What the task asks — From the data that follows, print exactly the lines starting at the one containing "Floral Bear Baby" and ending at the one containing "Relájese con toda"; include both of them and nothing more.

::: Study material :::

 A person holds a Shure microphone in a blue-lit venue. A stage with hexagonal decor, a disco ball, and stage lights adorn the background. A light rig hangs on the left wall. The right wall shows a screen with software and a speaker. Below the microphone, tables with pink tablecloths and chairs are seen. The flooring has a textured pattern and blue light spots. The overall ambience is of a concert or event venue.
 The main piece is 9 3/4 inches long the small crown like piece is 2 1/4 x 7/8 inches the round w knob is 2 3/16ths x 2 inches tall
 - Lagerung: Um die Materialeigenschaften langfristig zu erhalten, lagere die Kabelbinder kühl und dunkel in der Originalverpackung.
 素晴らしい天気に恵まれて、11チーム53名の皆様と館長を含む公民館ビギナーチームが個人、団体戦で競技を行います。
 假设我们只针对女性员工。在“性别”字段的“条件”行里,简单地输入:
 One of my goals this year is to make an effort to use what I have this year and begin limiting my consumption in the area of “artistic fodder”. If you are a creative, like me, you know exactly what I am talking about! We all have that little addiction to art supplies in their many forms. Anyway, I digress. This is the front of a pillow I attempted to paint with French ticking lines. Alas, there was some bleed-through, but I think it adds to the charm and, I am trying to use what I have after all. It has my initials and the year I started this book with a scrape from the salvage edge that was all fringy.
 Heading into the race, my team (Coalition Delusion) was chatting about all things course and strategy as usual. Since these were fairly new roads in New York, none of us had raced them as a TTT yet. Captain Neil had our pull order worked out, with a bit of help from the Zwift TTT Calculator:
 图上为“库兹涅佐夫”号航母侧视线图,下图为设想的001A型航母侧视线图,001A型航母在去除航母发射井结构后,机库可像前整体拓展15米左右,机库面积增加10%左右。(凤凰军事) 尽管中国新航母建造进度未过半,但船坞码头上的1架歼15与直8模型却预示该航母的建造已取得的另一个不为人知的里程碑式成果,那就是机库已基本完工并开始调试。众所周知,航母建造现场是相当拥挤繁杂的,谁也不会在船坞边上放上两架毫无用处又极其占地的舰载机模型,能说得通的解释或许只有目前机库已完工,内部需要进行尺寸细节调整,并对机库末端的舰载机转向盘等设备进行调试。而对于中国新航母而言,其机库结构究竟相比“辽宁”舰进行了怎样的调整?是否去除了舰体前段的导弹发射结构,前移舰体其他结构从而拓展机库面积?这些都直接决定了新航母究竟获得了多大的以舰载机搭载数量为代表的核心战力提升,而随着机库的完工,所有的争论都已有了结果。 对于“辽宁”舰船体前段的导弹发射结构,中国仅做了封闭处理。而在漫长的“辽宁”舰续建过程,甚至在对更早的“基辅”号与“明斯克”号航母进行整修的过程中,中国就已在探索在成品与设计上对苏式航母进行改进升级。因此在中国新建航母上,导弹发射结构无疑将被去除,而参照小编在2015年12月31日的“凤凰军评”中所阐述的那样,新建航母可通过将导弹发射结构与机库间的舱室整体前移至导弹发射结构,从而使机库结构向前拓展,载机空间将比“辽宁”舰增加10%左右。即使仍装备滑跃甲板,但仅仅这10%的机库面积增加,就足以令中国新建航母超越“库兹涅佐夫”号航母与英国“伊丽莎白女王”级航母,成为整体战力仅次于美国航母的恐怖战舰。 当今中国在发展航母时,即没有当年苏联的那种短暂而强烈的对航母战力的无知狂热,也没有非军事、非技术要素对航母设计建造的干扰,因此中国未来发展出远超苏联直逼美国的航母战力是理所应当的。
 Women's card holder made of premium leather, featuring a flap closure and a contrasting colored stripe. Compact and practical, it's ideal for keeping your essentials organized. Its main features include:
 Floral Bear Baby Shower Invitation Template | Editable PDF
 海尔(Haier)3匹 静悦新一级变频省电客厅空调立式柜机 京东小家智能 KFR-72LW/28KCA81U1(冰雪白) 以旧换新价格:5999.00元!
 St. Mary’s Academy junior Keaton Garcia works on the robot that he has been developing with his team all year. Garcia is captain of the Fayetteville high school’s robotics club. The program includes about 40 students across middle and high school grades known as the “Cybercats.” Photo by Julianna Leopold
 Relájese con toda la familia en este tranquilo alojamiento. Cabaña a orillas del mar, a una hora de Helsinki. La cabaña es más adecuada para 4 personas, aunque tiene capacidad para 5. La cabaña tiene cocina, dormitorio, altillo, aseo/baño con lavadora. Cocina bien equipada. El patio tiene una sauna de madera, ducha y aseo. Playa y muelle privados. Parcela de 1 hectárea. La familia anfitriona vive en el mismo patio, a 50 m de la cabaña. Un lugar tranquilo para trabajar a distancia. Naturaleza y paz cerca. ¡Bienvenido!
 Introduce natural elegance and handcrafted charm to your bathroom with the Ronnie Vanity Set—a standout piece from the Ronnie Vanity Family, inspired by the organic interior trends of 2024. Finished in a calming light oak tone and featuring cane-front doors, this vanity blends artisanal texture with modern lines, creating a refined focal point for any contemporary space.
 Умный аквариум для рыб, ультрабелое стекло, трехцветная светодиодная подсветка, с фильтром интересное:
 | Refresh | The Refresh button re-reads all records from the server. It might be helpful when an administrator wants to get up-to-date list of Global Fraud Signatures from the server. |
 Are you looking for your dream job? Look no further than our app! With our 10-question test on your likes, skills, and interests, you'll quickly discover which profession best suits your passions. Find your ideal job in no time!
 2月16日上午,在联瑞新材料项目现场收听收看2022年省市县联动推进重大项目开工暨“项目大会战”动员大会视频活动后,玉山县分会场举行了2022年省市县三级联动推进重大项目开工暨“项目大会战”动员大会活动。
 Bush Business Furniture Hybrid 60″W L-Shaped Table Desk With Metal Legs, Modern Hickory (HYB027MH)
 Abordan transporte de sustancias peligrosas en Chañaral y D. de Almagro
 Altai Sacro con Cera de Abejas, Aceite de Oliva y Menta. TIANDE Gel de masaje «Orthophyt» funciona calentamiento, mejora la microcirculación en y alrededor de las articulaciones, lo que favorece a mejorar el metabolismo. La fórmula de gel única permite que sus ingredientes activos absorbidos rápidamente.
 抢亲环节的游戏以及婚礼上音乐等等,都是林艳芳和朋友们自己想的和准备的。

:::

Task response —
 Floral Bear Baby Shower Invitation Template | Editable PDF
 海尔(Haier)3匹 静悦新一级变频省电客厅空调立式柜机 京东小家智能 KFR-72LW/28KCA81U1(冰雪白) 以旧换新价格:5999.00元!
 St. Mary’s Academy junior Keaton Garcia works on the robot that he has been developing with his team all year. Garcia is captain of the Fayetteville high school’s robotics club. The program includes about 40 students across middle and high school grades known as the “Cybercats.” Photo by Julianna Leopold
 Relájese con toda la familia en este tranquilo alojamiento. Cabaña a orillas del mar, a una hora de Helsinki. La cabaña es más adecuada para 4 personas, aunque tiene capacidad para 5. La cabaña tiene cocina, dormitorio, altillo, aseo/baño con lavadora. Cocina bien equipada. El patio tiene una sauna de madera, ducha y aseo. Playa y muelle privados. Parcela de 1 hectárea. La familia anfitriona vive en el mismo patio, a 50 m de la cabaña. Un lugar tranquilo para trabajar a distancia. Naturaleza y paz cerca. ¡Bienvenido!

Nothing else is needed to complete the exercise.